▶ _Activity_
Give the data again exactly, without images.

▶ _The input_

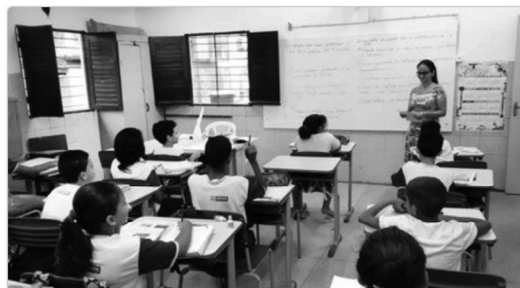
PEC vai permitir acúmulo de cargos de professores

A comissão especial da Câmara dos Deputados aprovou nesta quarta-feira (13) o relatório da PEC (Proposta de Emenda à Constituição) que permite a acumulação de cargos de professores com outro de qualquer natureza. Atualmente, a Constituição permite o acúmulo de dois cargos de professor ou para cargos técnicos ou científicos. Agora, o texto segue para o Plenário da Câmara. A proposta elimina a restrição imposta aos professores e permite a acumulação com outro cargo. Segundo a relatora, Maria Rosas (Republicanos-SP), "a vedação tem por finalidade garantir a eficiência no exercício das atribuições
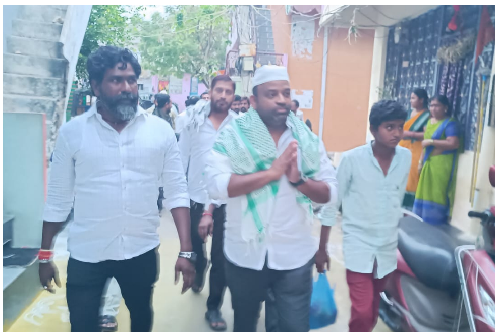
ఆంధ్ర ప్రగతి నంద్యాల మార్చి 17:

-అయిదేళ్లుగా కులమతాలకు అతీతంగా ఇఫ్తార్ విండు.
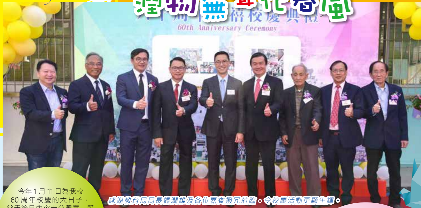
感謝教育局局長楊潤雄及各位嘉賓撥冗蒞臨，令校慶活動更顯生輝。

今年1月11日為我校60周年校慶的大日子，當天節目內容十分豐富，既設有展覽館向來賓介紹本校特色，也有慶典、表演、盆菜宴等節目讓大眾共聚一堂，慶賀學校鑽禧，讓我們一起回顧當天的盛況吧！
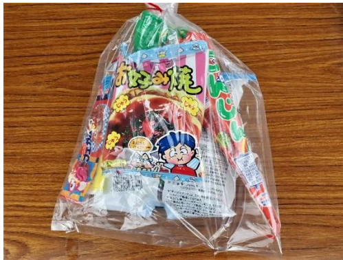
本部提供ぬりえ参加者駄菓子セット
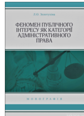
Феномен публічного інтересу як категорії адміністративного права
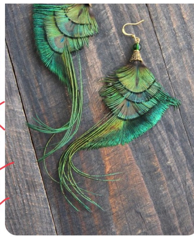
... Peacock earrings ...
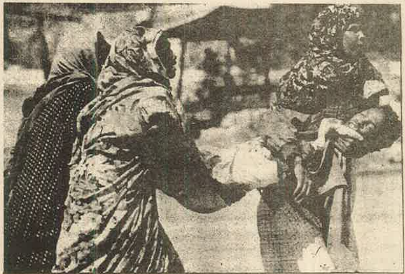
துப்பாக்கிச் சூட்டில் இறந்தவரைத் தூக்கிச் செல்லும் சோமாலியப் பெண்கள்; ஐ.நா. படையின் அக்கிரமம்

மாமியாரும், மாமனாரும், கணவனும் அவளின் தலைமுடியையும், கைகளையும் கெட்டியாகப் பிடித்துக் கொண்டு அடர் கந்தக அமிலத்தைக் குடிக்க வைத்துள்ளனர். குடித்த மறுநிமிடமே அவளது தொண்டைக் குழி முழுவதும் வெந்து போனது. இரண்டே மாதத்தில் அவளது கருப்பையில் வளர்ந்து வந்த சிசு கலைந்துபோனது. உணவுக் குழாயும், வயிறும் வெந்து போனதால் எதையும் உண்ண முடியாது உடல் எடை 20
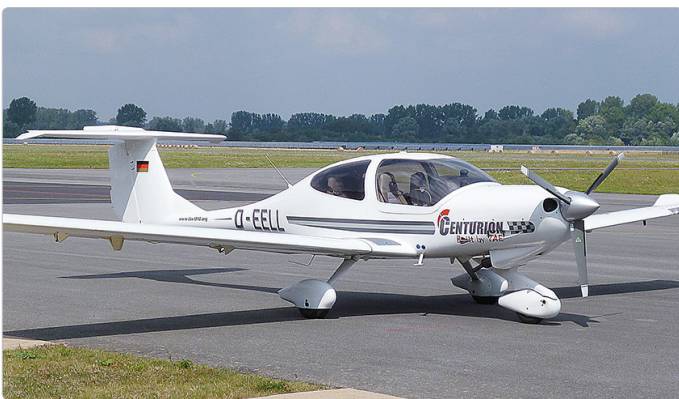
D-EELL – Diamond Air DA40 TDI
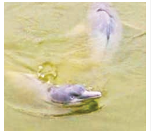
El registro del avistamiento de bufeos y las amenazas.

▶ _Expected answer_
PEC vai permitir acúmulo de cargos de professores

A comissão especial da Câmara dos Deputados aprovou nesta quarta-feira (13) o relatório da PEC (Proposta de Emenda à Constituição) que permite a acumulação de cargos de professores com outro de qualquer natureza. Atualmente, a Constituição permite o acúmulo de dois cargos de professor ou para cargos técnicos ou científicos. Agora, o texto segue para o Plenário da Câmara. A proposta elimina a restrição imposta aos professores e permite a acumulação com outro cargo. Segundo a relatora, Maria Rosas (Republicanos-SP), "a vedação tem por finalidade garantir a eficiência no exercício das atribuições
ఆంధ్ర ప్రగతి నంద్యాల మార్చి 17:

-అయిదేళ్లుగా కులమతాలకు అతీతంగా ఇఫ్తార్ విండు.
感謝教育局局長楊潤雄及各位嘉賓撥冗蒞臨，令校慶活動更顯生輝。

今年1月11日為我校60周年校慶的大日子，當天節目內容十分豐富，既設有展覽館向來賓介紹本校特色，也有慶典、表演、盆菜宴等節目讓大眾共聚一堂，慶賀學校鑽禧，讓我們一起回顧當天的盛況吧！
本部提供ぬりえ参加者駄菓子セット
Феномен публічного інтересу як категорії адміністративного права
... Peacock earrings ...
துப்பாக்கிச் சூட்டில் இறந்தவரைத் தூக்கிச் செல்லும் சோமாலியப் பெண்கள்; ஐ.நா. படையின் அக்கிரமம்

மாமியாரும், மாமனாரும், கணவனும் அவளின் தலைமுடியையும், கைகளையும் கெட்டியாகப் பிடித்துக் கொண்டு அடர் கந்தக அமிலத்தைக் குடிக்க வைத்துள்ளனர். குடித்த மறுநிமிடமே அவளது தொண்டைக் குழி முழுவதும் வெந்து போனது. இரண்டே மாதத்தில் அவளது கருப்பையில் வளர்ந்து வந்த சிசு கலைந்துபோனது. உணவுக் குழாயும், வயிறும் வெந்து போனதால் எதையும் உண்ண முடியாது உடல் எடை 20
D-EELL – Diamond Air DA40 TDI
El registro del avistamiento de bufeos y las amenazas.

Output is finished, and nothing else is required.